Néanmoins, durant la saison estivale, les producteurs doivent faire face à une chute de la demande. « Les champignons se vendent très bien en automne et en hiver mais sont moins prisés durant l’été. C’est pourquoi nous avons décidé de développer des micropousses de moutarde, tournesol…

L’environnement leur convient très bien puisque les champignons leur fournissent la chaleur et le CO2 dont elles ont besoin », explique-t-il encore.

De la pasteurisation

à la récolte

En pratique, la drèche (70 % du mélange) et la sciure de bois (30 % du mélange) sont pasteurisées pendant deux heures afin d’en éliminer tous contaminants. Après refroidissement, le mycélium est inoculé et l’ensemble est conditionné en sacs de 3 kg hermétiquement fermés pour empêcher toute contamination. Les sachets sont ensuite placés en salle d’incubation, à 22ºC, pendant environ 3 mois.

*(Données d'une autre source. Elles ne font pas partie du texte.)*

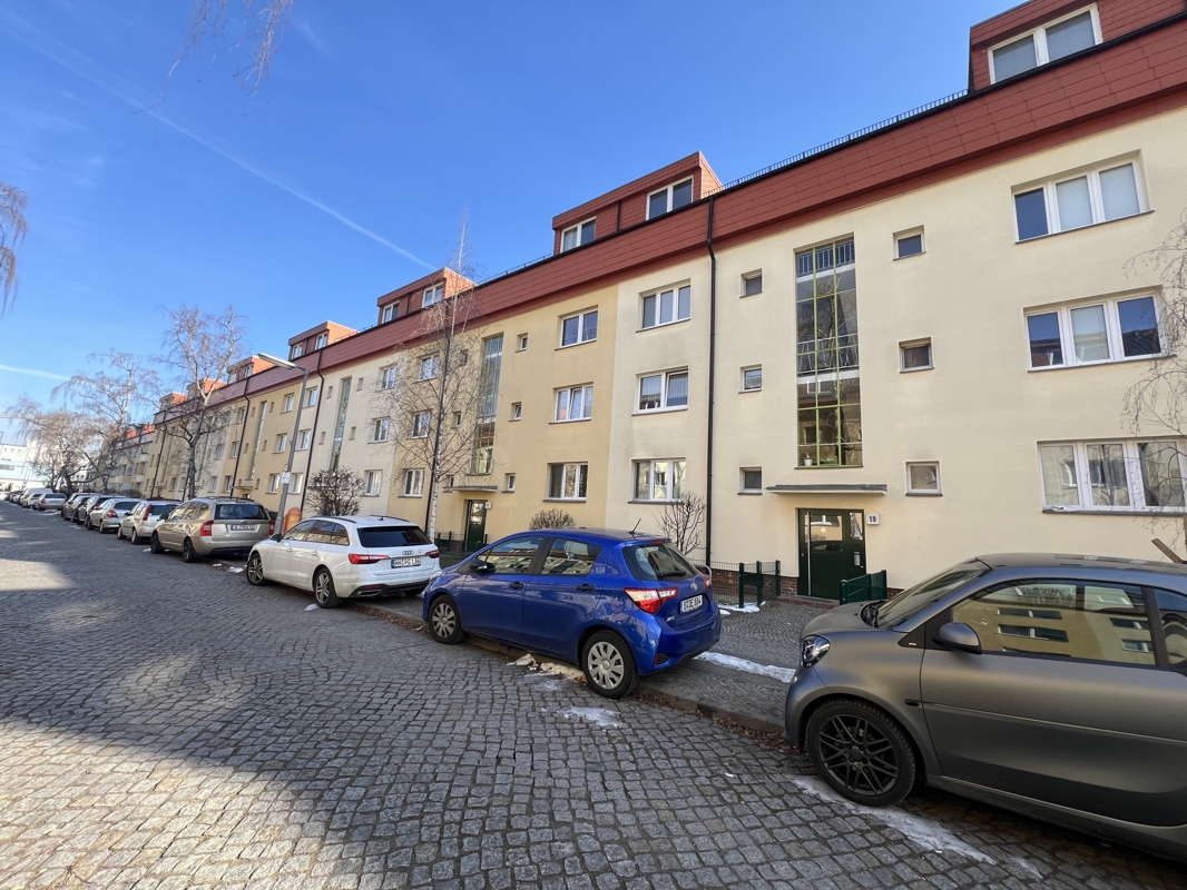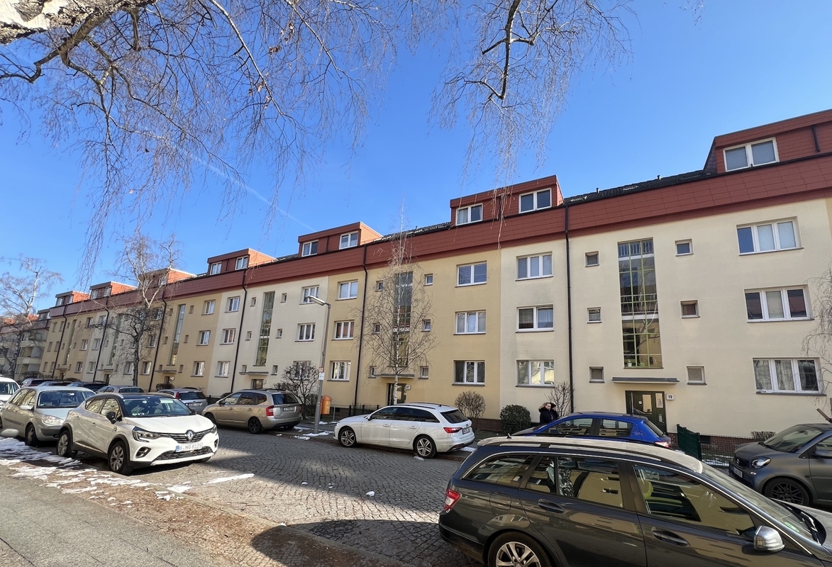 Diese attraktive 2-Zimmer-Wohnung befindet sich in einer historischen Wohnanlage, die zwischen 1953 und 1954 errichtet wurde. Das Gebäudeensemble wurde ursprünglich als dreigeschossige Anlage erbaut und 1987 um die Dachgeschosse ergänzt, die ebenfalls zu Wohnzwecken ausgebaut wurden.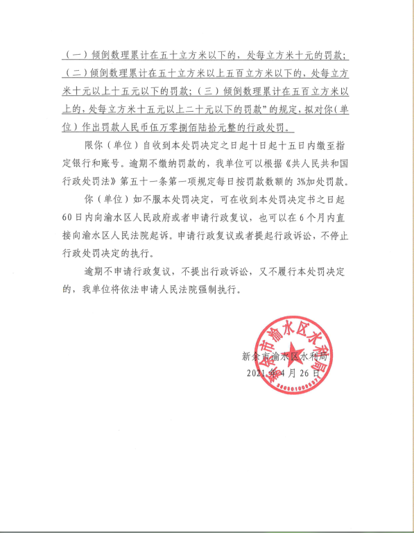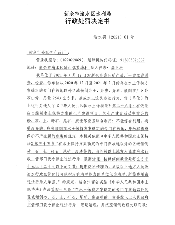 新余市渝水區(qū)水利局行政處罰決定書(新余盛旺礦產(chǎn)品廠)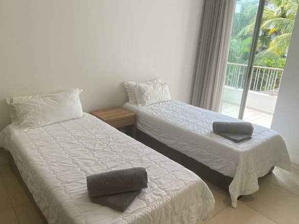 – Three en-suite, air-conditioned bedrooms adorned with built-in cupboards, each offering access to a private patio or balcony.

Après ce laps de temps, les sachets sont ouverts et placés dans un environnement à près de 90 % d’humidité (15ºC). En l’espace d’une semaine, les champignons sont prêts à être récoltés. « Pour 1kg de substrat nous récoltons en moyenne 180 gr de champignons. Ceux-ci sont ensuite vendus autour de 12 euros du kilo, 15 euros pour le maitake, à des magasins bruxellois bio que nous livrons à vélo et aux grossistes bios classiques », dit Thibault. « Locale et biologique restent deux lignes directrices du projet, d’abord parce qu’on est convaincu des bienfaits du bio, mais aussi pour la plus-value que cela nous apporte », concluent les entrepreneurs.